Turcotte stopped, signaling for the others to do the same. He’d stepped down the audio feed by stages, yet the clicking noise grew louder until he had no doubt the source was very close. He peered at the screen just in front of his face. He lifted his left arm, the MK 98 held level, just above the surface of the water.
“Aiming,” he ordered the computer. A reticule appeared on the screen. As he moved the MK 98, the reticule followed wherever the muzzle was aimed, unless he went too far and it went off screen.
The noise ceased. For several seconds Turcotte stood perfectly still, waiting, the team deployed behind him. He took a step forward. Then another.
After four steps the noise came again, not closer, but retreating at the same rate Turcotte advanced.
“Cover me from the right,” Turcotte ordered Graves, as he went back to checking the top of the tunnel every other step. The water rushing around his legs and waist was barely noticeable as he continued down. Whatever was making the noise continued to back up until Turcotte suddenly stopped.

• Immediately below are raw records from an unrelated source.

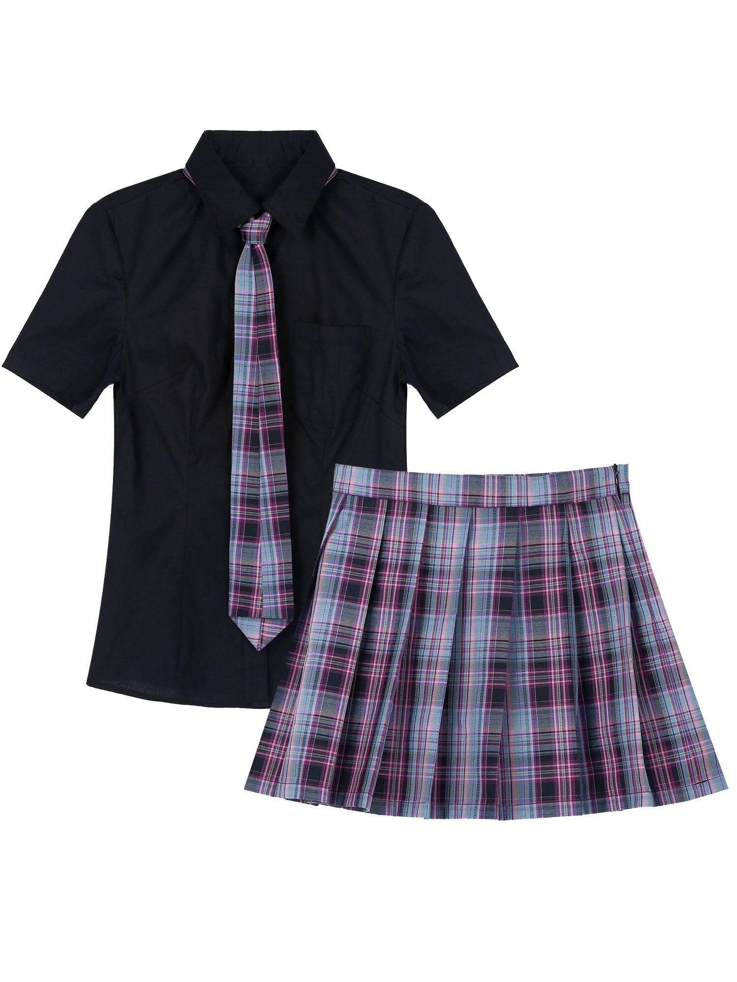 Women Schoolgirl Uniform Outfits Short Sleeve Button Down Shirt with Plaid Pleated Skirt Bow Tie.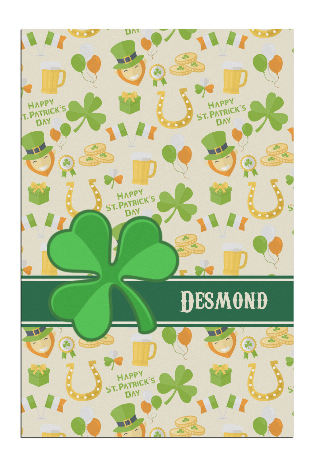 This lucky design has a lovely light cream background. There is a festive assortment of colors in all the graphics that make up the background including orange, green, and yellow. You'll find leprechauns, gold, beer, and Irish pride all in this one design! A large lucky clover is featured largely in the foreground of the design with a ribbon sitting behind it where you put your personalization.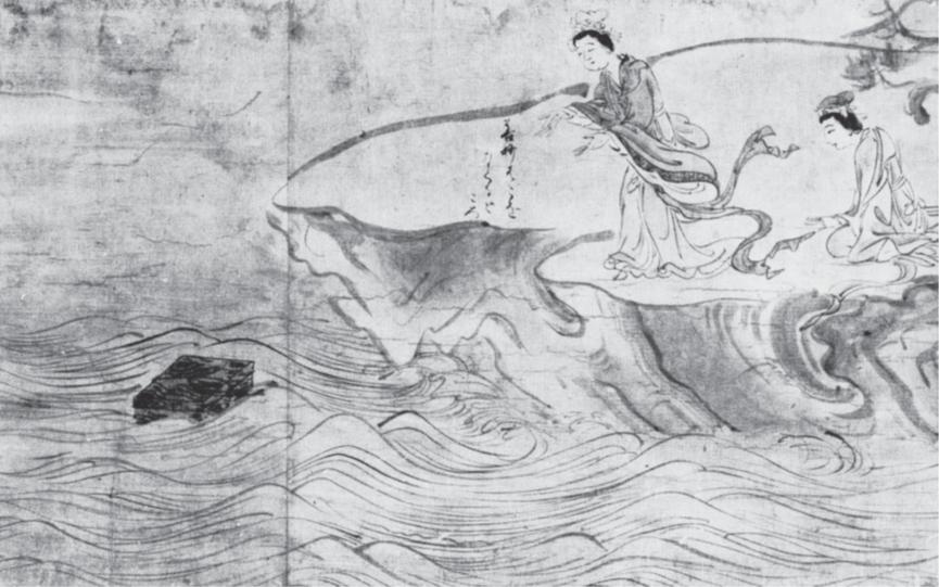 义湘绘绘卷 三/ 图 D/ 善妙投海/ 局部/ 纸本设色/ 高 31.7 厘米/ 国宝/ 京都高山寺藏《宋高僧传》对这段情节的描绘依然非常简短:

The screen showed a circular opening about four feet wide in the roof. He turned as the members of the team gathered round. “We’re going up.”
Graves stepped forward. “Are we coming back out this same way?”
Turcotte pointed in the direction the noise had come from. “That way should also go to the Nile and you’re with the current. Either way. If we go back the same way we came in, we can always go downstream in the Nile itself to the pickup zone.”